Her Husband Appears To Agree
That is married? Amazing.

Anonymous
Anonymous
  Anonymous
October 31, 2023 1:28 pm

another related question: why does Yellen bother applying makeup?

Iska Waran
Iska Waran
  Anonymous
October 31, 2023 1:58 pm

So she looks little less like Grandpa Munster.

Iska Waran
Iska Waran
October 31, 2023 2:06 pm

This is why people lamenting the current cost of interest being ~ $1 trillion per year still don’t get it. Current yields on all US treasuries are about 5%. $34 trillion debt (and climbing) @ 5% is $1.7 trillion. Right there is an extra $700B. This mf’er is going parabolic and there’s no stopping it.

pyrrhus
pyrrhus
  Iska Waran
October 31, 2023 7:43 pm

T-bills are yielding 5 1/2%, and are going much higher as the US credit rating declines..Who would lend money long term in this environment? Nobody with brain cells working…Interest rate swaps are going to blow up…

m
m
  Iska Waran
November 1, 2023 3:49 am

But the printing is going parabolic too.
So, no problem (so far).

k31
k31
October 31, 2023 2:07 pm

Qui bono?

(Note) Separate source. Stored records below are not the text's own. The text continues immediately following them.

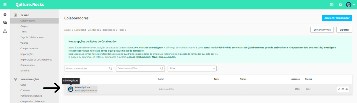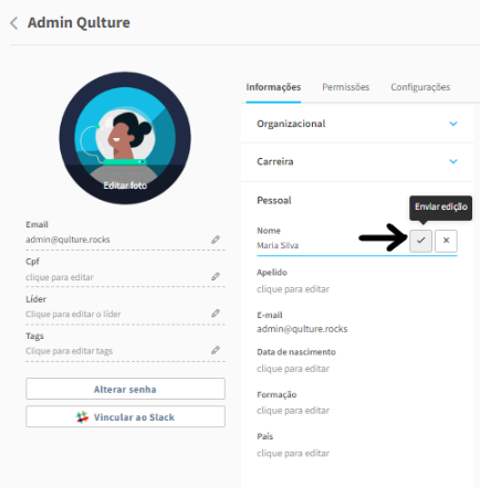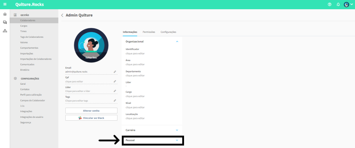 Ao acessar o perfil da pessoa, clique sobre a sessão de informações "Pessoal"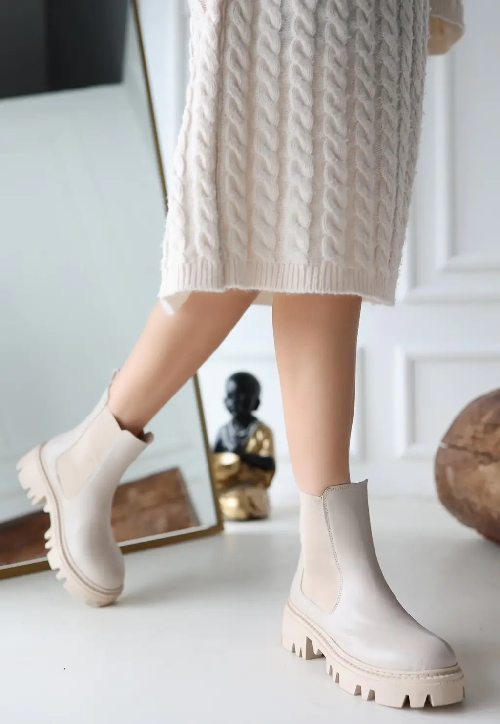 • Ninle Bej Cilt Topuklu Bot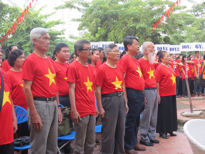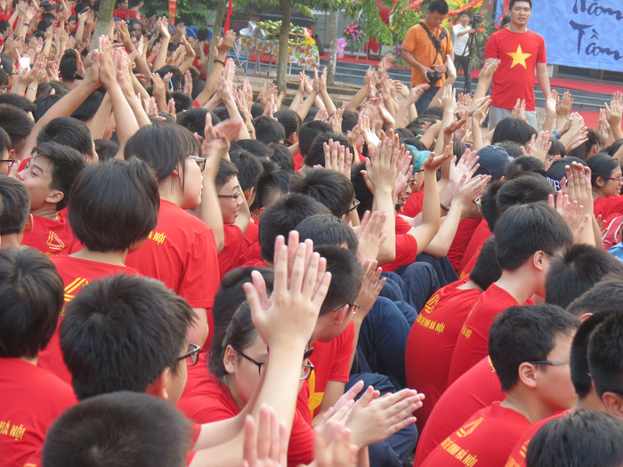 Tôi đề nghị mọi người cùng giơ cao bàn tay phải của mình và đặt lên lồng ngực bên trái… Chúng ta sẽ cảm nhận tiếng đập của trái tim mình, 1 trong 90 triệu trái tim Việt Nam, tiếng đập rộn ràng dưới sắc vàng của ngôi sao năm cánh.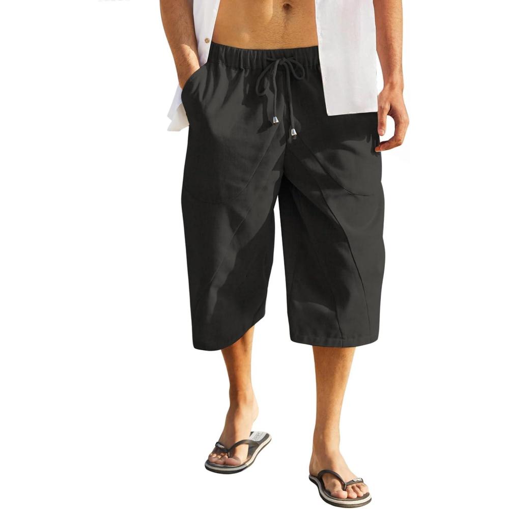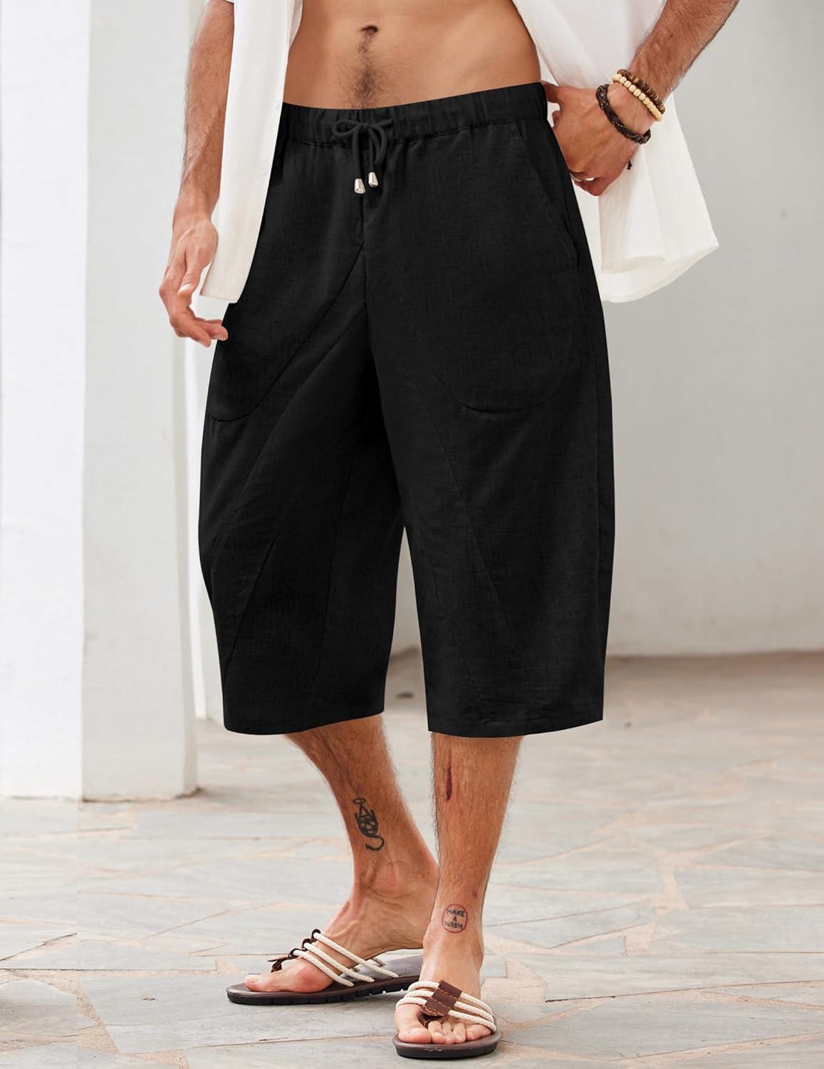 COOFANDY Men’s Linen Harem Capri Pants Casual Lightweight Drawstring Yoga Pants Baggy 3/4 Beach Trousers(Black)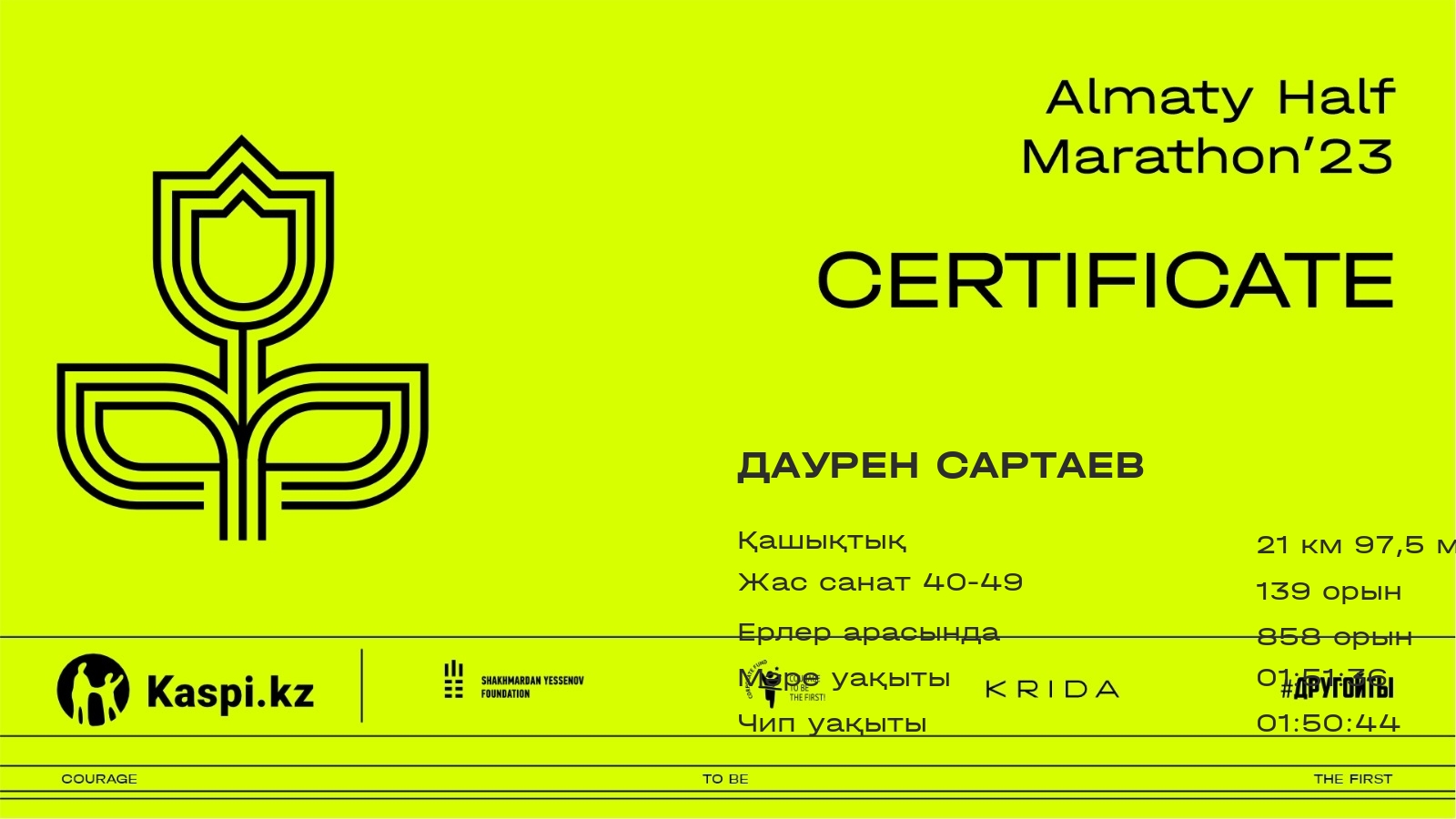 | 1030 | Ziyat Imambekov | ![]() | Almaty | 575 | 00:26:17.11 | 00:54:18.51 | 01:19:58.79 | 01:47:46.38 | 01:54:14.41 | 01:53:10.63 | Жүктеп алу |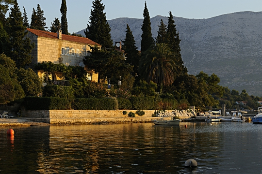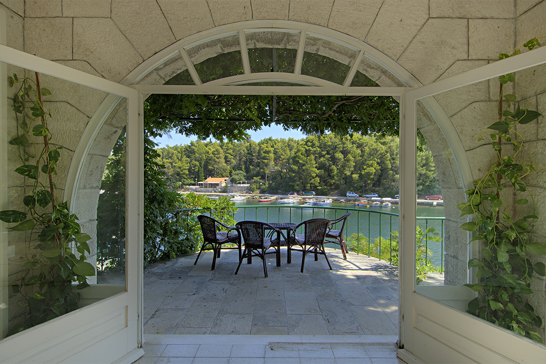 Sve je to Drago Ibler primijenio na svojoj korčulanskoj vili. Ona je uzdignuta nad more kao skulptura na postamentu: odijeljena je od mora dvjema kamenim stubama, a brežuljak na kojemu stoji obrubljen je kamenim stubištem čineći tlo obuzdanim i apstraktnim. Volumen zdanja zapravo je tanak, a oplošje ziđa prilično zatvoreno ili, da ponovim davni opis, vila je tanka poput slike, a otporna poput tvrđave. No premda zidovi štite od sunca i vrućine, a prozori služe da bi ciljali i uokvirivali vidik, tema rastvaranja postignuta je drugim motivom, motivom polukružno otvorene lođe. Taj tradicionalni lučni obris, kako lođa tako orsana, proveden je u dvodimenzionalnim i trodimenzionalnim varijacijama, od luka lođe do poluvaljka podzidane terase, pa sve do polukružnog izmicanja željezne ograde – jer stablo mora rasti. I u unutrašnjosti kuće stubište koje spaja prizemlje s katom ugrađeno je u poluvaljak koji u boravišnoj prostoriji formira neku vrstu apside. Odnosi pravokuta i kruga, odnosno polukruga, čista geometrijska tema, projekcije plohe u volumen i obratno ponašaju se poput glazbene kompozicije.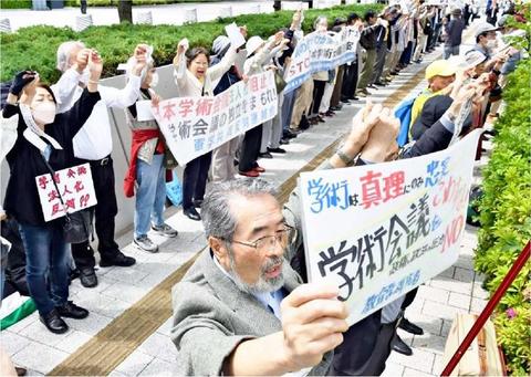 ![]() (写真)学術会議解体法案に反対し、「人間の鎖」でアピールする学者・市民=9日、衆院第2議員会館前 |
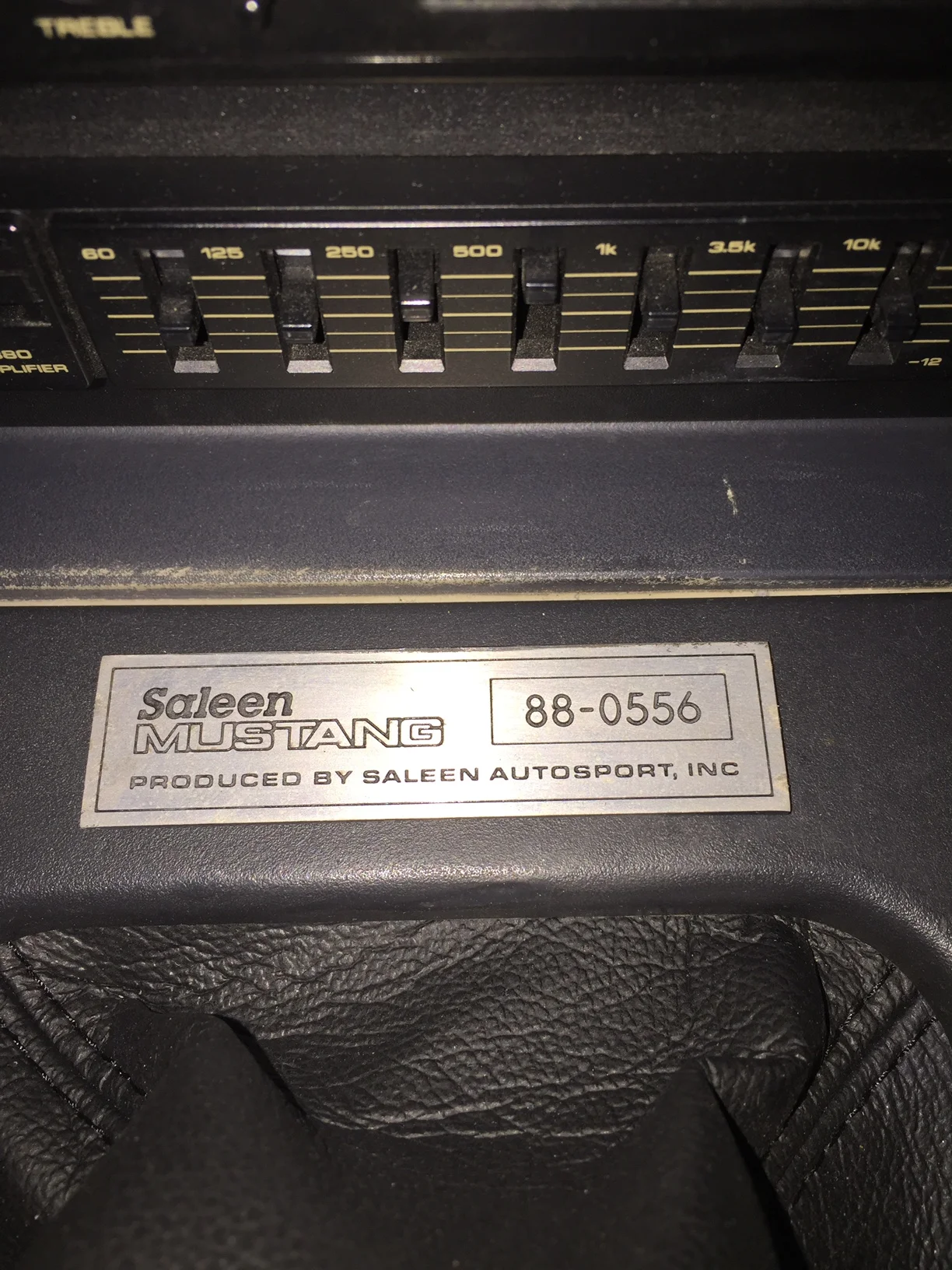 For 1988 there were a few changes in equipment and options. Now all cars wore Monroe shocks, the Saleen 170 MPH speedometer, and a new for '88 rear valance. The Pioneer KEH-6050 cassette deck (remember those) was new as well, and below that was a Pioneer BP880 graphic equalizer to control the six speakers. The prior year (1987) Saleen had added several upgrades to the cars, including five lugs, and four wheel disk brakes. This change solved another major shortcoming of the fox body Mustangs, and brought them out of the stone age in the braking department.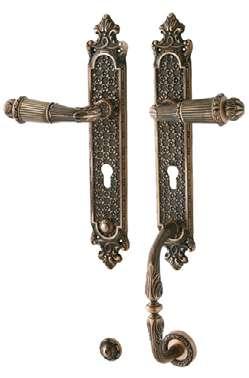 Door handles on plate and on roses, door pull handles and entrance door sets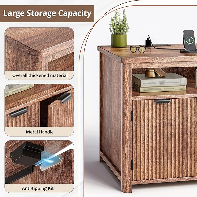 Fluted Nightstands Set of 2 with Charging Stations, 23.6" Wide Walnut Nightstand with Storage Drawers, Side Tables, Modern Farmhouse End Tables for Bedroom, Walnut Brown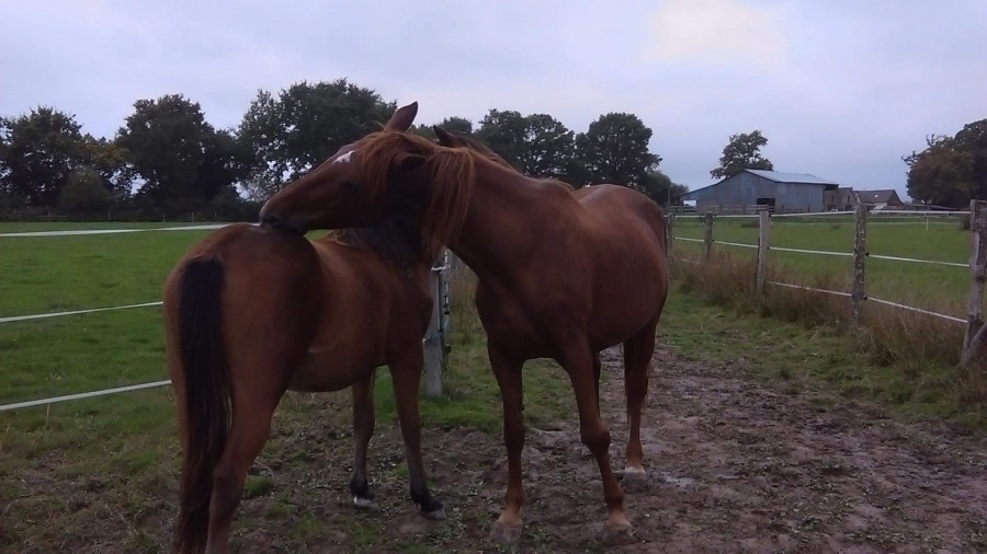 Je l'appelle de plus loin, elle tourne la tête, en règle générale elle vient directement, mais là non .. J'insiste et elle enclenche le pas dans ma direction. Directement la petite Gaïa l'imite, sauf qu'elle vient me rejoindre au petit trot, doublant sa sœur. Fashion s'arrête, me fixe, fait demi tour et retourne se mettre dans son coin de pré.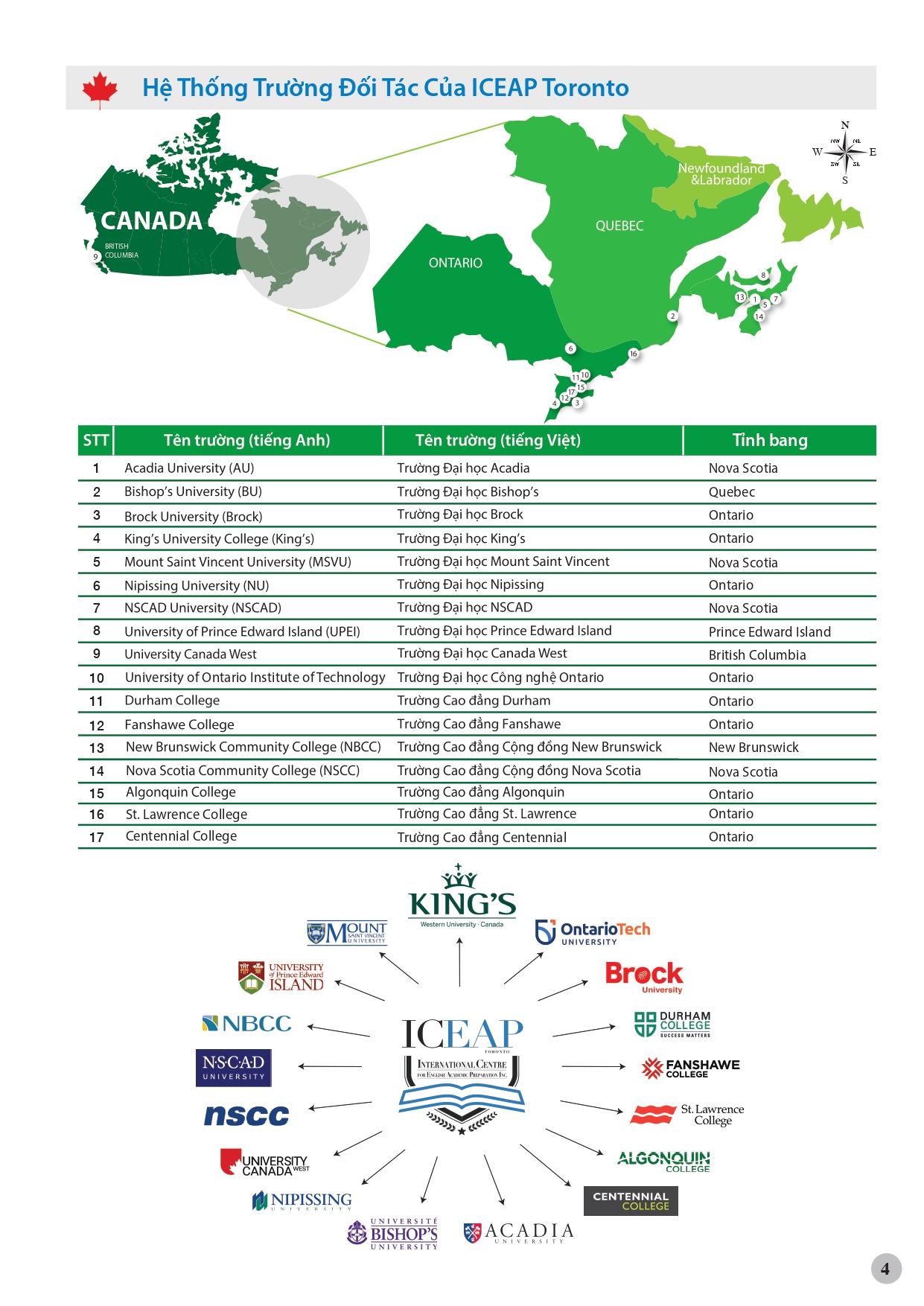 Trường Anh ngữ ICEAP Toronto liên kết với 17 trường Đại học, Cao đẳng nổi tiếng ở hầu như tất cả các Bang của Canada. Khi theo học chương trình tiếng anh tại đây học sinh được chuyển tiếp lên các khóa học bậc Cao đẳng, Đại học tại những ngôi trường này vô cùng dễ dàng.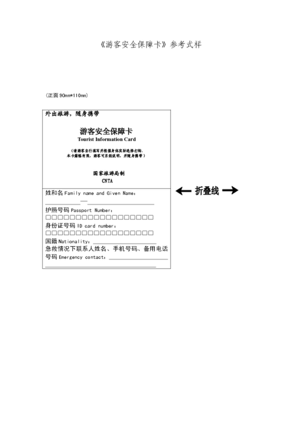 《游客安全保障卡》參考式樣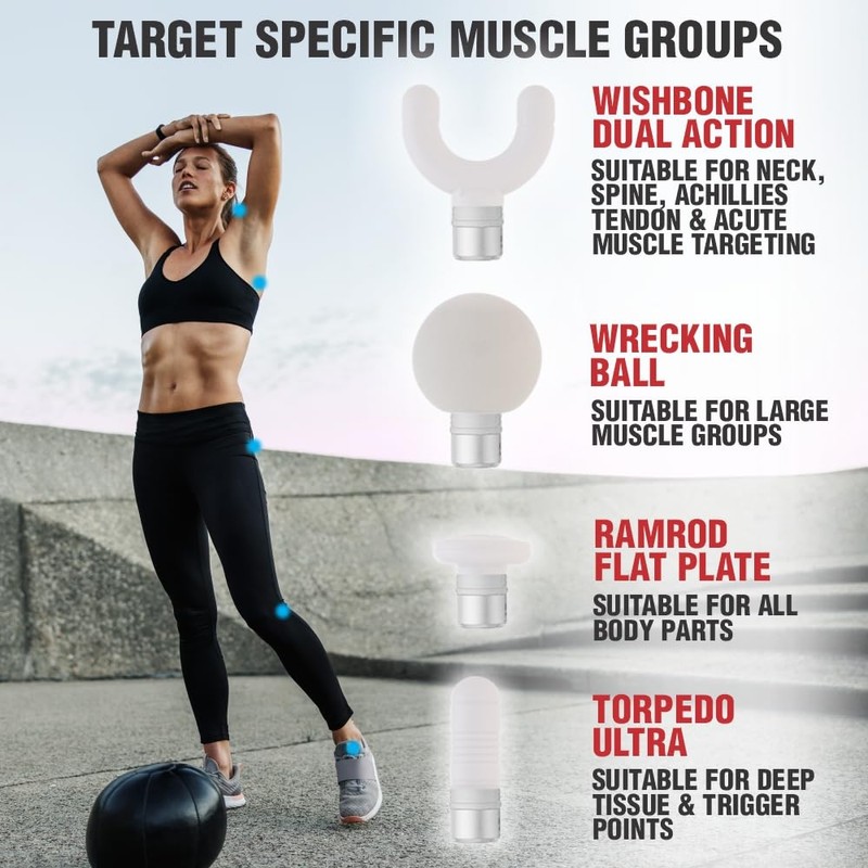 - Provides intense percussive therapy to relieve muscle tension, soreness and stiffness, promoting faster recovery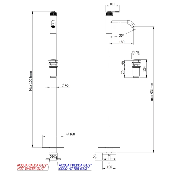 Смеситель напольный для раковины Remer Atelier AL18BG с донным клапаном, золотой матовый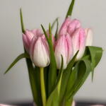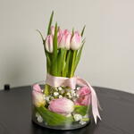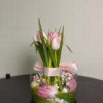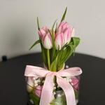 В этой композиции представлены нежные розовые тюльпаны, красиво расположенные в прозрачной круглой вазе. Мягкие розовые тона тюльпанов символизируют любовь, элегантность и нежные чувства. Цветы аккуратно оформлены со свежей зеленью и мелкими белыми соцветиями гипсофилы, создавая естественный и изящный вид. Прозрачная ваза украшена белыми декоративными камнями и перевязана мягкой розовой лентой, что добавляет нежный и элегантный штрих. Это флористическое изделие идеально подходит для подарка, чтобы удивить кого-то особенного или просто добавить штрих красоты в любое пространство. Ее минималистичный, но элегантный дизайн делает ее прекрасным выбором для дней рождения, романтических жестов или продуманных сюрпризов.

I doubt mistakes were made.

Dickie doo
Dickie doo
October 31, 2023 2:47 pm

Sounds like political blame deflection and trying to make her the fall girl. Our problems run far deeper than anything she did.

Anonymous
Anonymous
  Dickie doo
October 31, 2023 4:38 pm

But she is a huge part of it.

Anonymous
Anonymous
October 31, 2023 6:08 pm

Guys really will fuck anything.

Arthur
Arthur
October 31, 2023 6:41 pm

In a sane world, Yellen would be a sixth grade social studies teacher.

pyrrhus
pyrrhus
  Arthur
October 31, 2023 7:44 pm

You are forgetting who (((she))) is….

BL
BL
October 31, 2023 8:40 pm

Charles Schwab let 2000 employees go today. Promised $500,000 in saving to the shareholders.

Crawfisher
Crawfisher
  BL
November 1, 2023 5:15 am

2,000 X $80,000 per yr = $160,000,000

I think Schwab promised more than 500k

Crawfisher
Crawfisher
  Crawfisher
November 1, 2023 7:59 pm

I may get slammed for replying to my own post, I read Schwab is laying of 2,100 employees to save $500 million = $238,000 per

AnonNoMores
AnonNoMores
October 31, 2023 9:39 pm

Me thinks this was the plan all along…

m
m
November 1, 2023 3:53 am

Feel to me like another sleight of hand argument (by Druckenmiller), entirely ignoring the elephant in the room which is the ‘trust’ in the USD is running on fumes.